In a carefully-worded letter in Kiswahili, the Duke and Duchess of Cambridge said they were happy with the gifts which were presented to the British High Commissioner, Dr Christian Turner, last week.
Reports about the royal family’s acceptance of the gifts carried in UK papers said the new parents had formally accepted the presents, considered a great honour in Samburu culture, and thanked the elders for their generosity.
During a traditional Samburu ceremony to celebrate the birth of Prince George, elders blessed the animals while women danced. They later handed over the animals to Dr Turner, who had travelled to Wamba on behalf of the royal family for the ceremony.
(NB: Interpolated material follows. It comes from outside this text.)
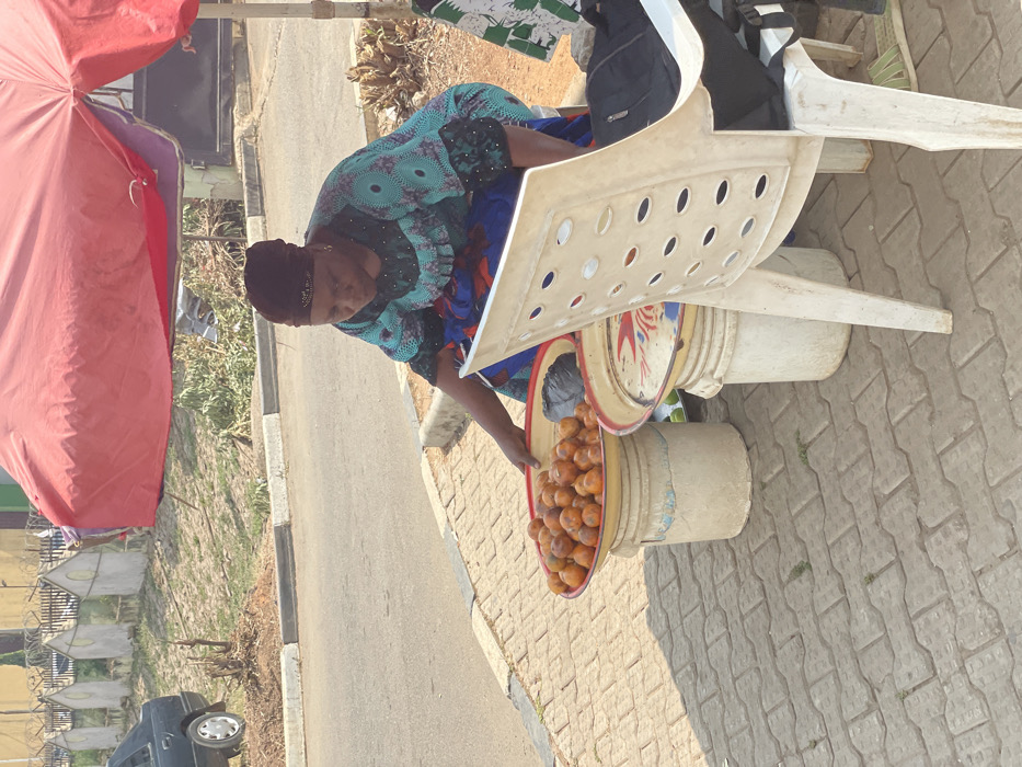 An outdoor scene in Abuja, Nigeria, depicts a lone adult female operating a roadside stall under a large, red market umbrella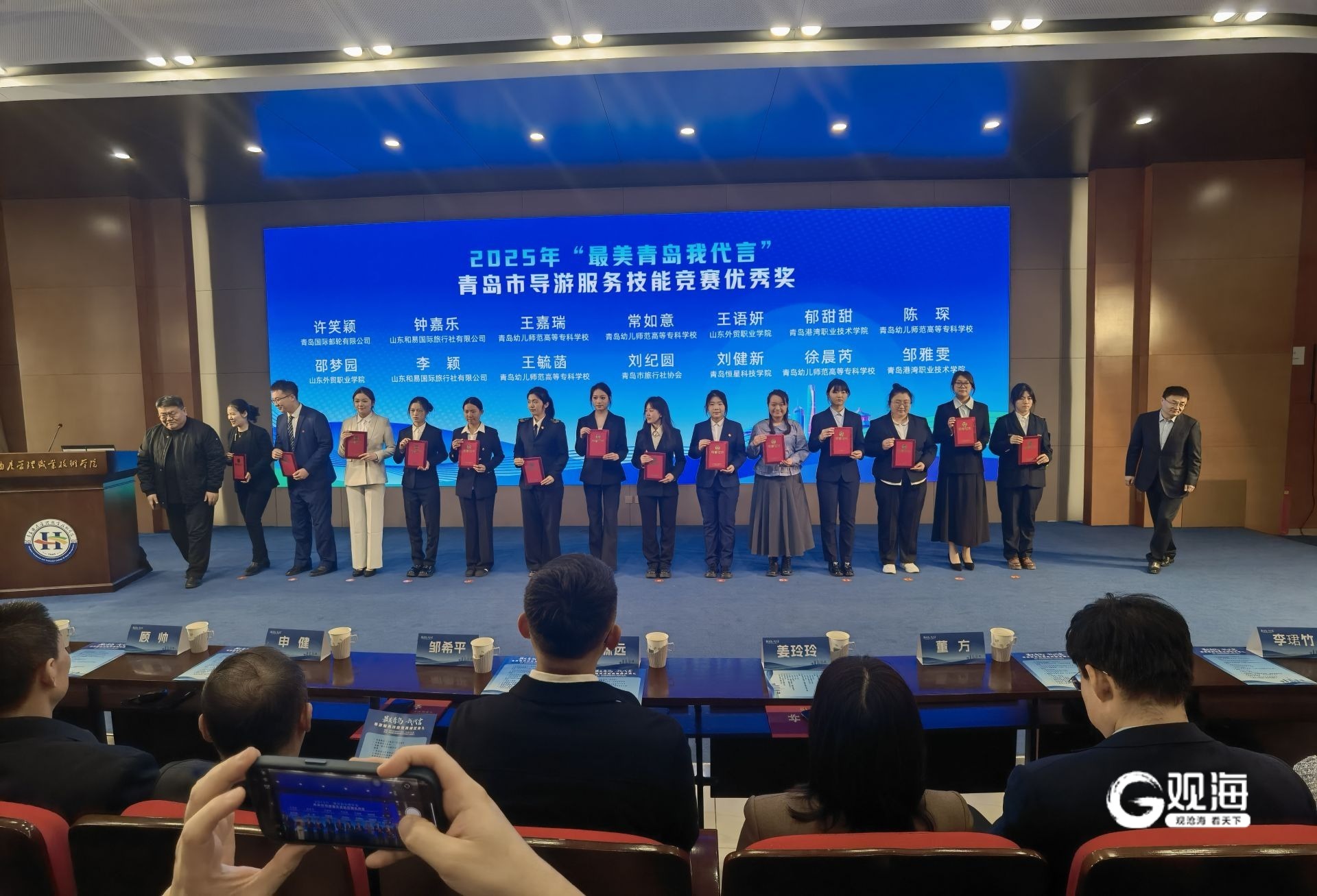 青岛日报社/观海新闻3月20日讯 3月20日,由青岛市文化和旅游局联合市委市直机关工委、市总工会、共青团青岛市委、市人力资源和社会保障局、青岛国际邮轮港区服务管理局共同指导,青岛酒店管理职业技术学院承办的“最美青岛我代言”导游服务技能大赛颁奖典礼,在青岛酒店管理职业技术学院学术报告厅举行。本次大赛以“以赛促学、以赛促练”为导向,搭建起全市导游交流展示的优质平台,为青岛文旅高质量发展凝聚人才力量。

The Swahili part of the royal letter read: “Kwa niaba ya kijana wetu, George, Catherine na mimi ningependa kuwashukuru nyote sana sana kwa kujitolea kwenu, ukarimu wenu na pia kwa zawadi zenu (On behalf of our son George, Catherine and myself, I would like to thank you very much for the extraordinary honour, generosity and gifts).”
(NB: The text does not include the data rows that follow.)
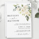 Watercolor Ivory White Floral Greenery Wedding Cartão de Convite para Casamento inclui rosas brancas de creme de marfim e verde botânico. Script Elegante De Caligrafia.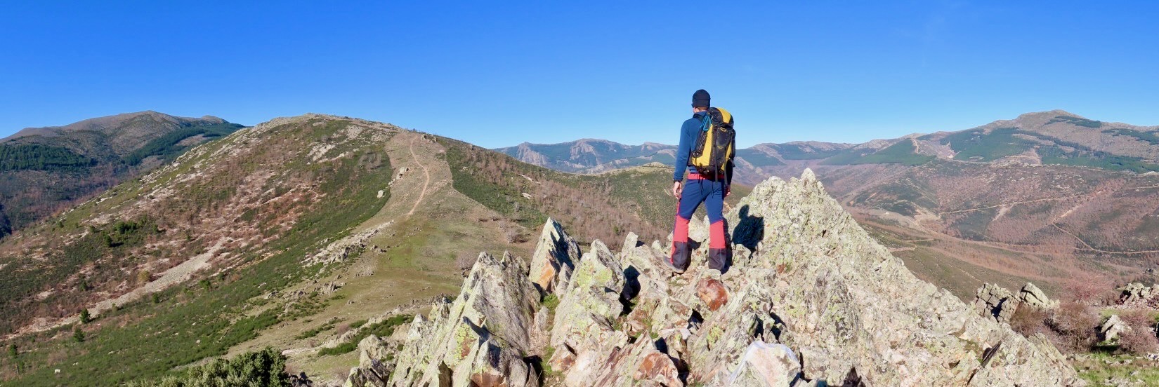 La bajada se hace hacia el SE, pasando por Peña Atalaya (1375 m) y Las Gargantillas, donde la senda se difumina un poco entre las jaras y hay que ir atentos a los hitos, que los hay y sirven de gran ayuda.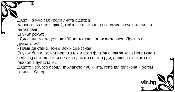 Дядото набързо броил на хлапето 100 кинта, грабнал флакона и бегом вкъщи... След половин час бабата излиза от къщи и му дава още 100 кинта.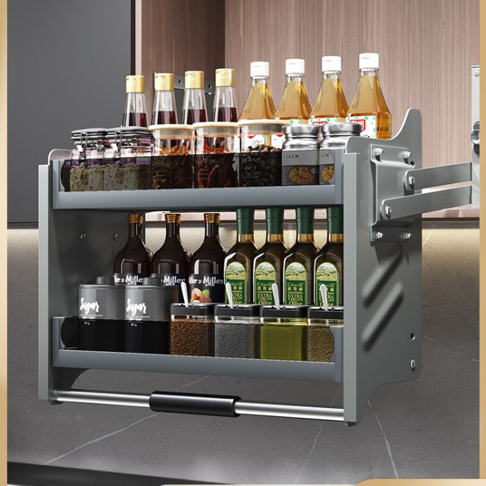 | 規格 | 雙層-下拉式-【900櫃體】經典款-鋁合金星耀黑-可調寬度 -三段緩沖 |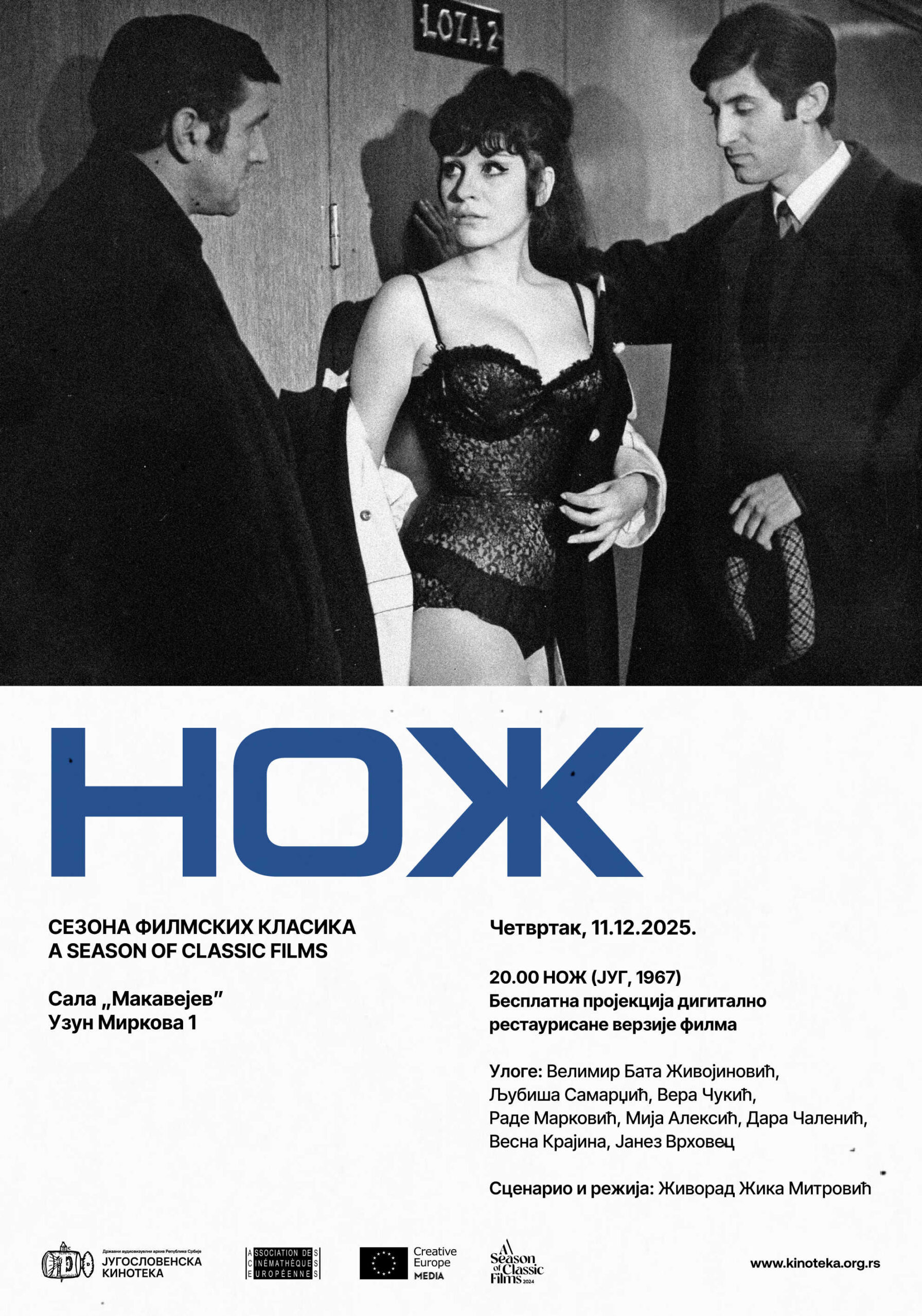 За Југословенску кинотеку је 2025. година била у знаку Жике Митровића. Почетком године је приређена велика ретроспектива његових филмова, да би одмах потом публици била представљена рестаурисана верзија његовог филма „Убиство на подмукао и свиреп начин и из ниских побуда“ (1969), у оквиру пројекта А1 Кинотека. Такође, поводом обележавања 150 година Херцеговачког устанка, Кинотека је организовала свечану пројекцију филма „Невесињска пушка“ (1963), ређе приказиваног наслова из Митровићевог опуса. Рестаурацијом филма „Нож“, Југословенска кинотека заокружује годину посвећену овом аутору.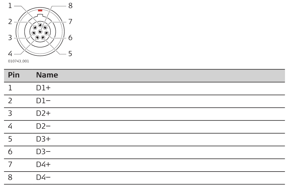 Pin Assignment of Lemo Ports 5.4.1 Ethernet port: Lemo1, 8 pin female Power supply port: Lemo1, 5 pin female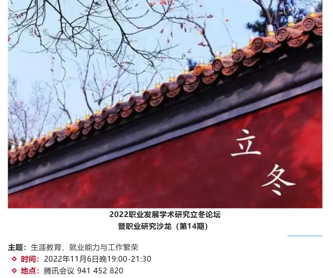 2022.11.142022职业发展学术研究立冬论坛暨职业研究沙龙(第14期)成功举办

The letter continued in English: “I remember my time with you, the Samburu, with immense happiness and I could not be more grateful to you all for this kindness.
“It gives me great pride and joy to know that George’s ‘pension’ will be herded on land that we love and care deeply for. We only hope that one day, he will be able to come and see them for himself.
“Please accept our immense and deep thanks on this special occasion.
“Asante (Thank you).”
Livestock are a highly valued asset among the pastoral Samburu, who keep them for meat and milk.
Prince William spent time in the community in recent years when he stayed in a log cabin at the the Lewa Wildlife Conservancy in the foothills of Mount Kenya, culminating in his engagement to Ms Middleton, whom he later married.
Prince William said after discussions between his representatives and local elders, it was agreed that the royal herd be kept at Lewa until Prince George is old enough to take it over.
There has now been an offer of four heifers to go with the bull, which will be managed by the Northern Rangelands Trust, a non-governmental organisation bringing together 21 community-based wildlife conservancies.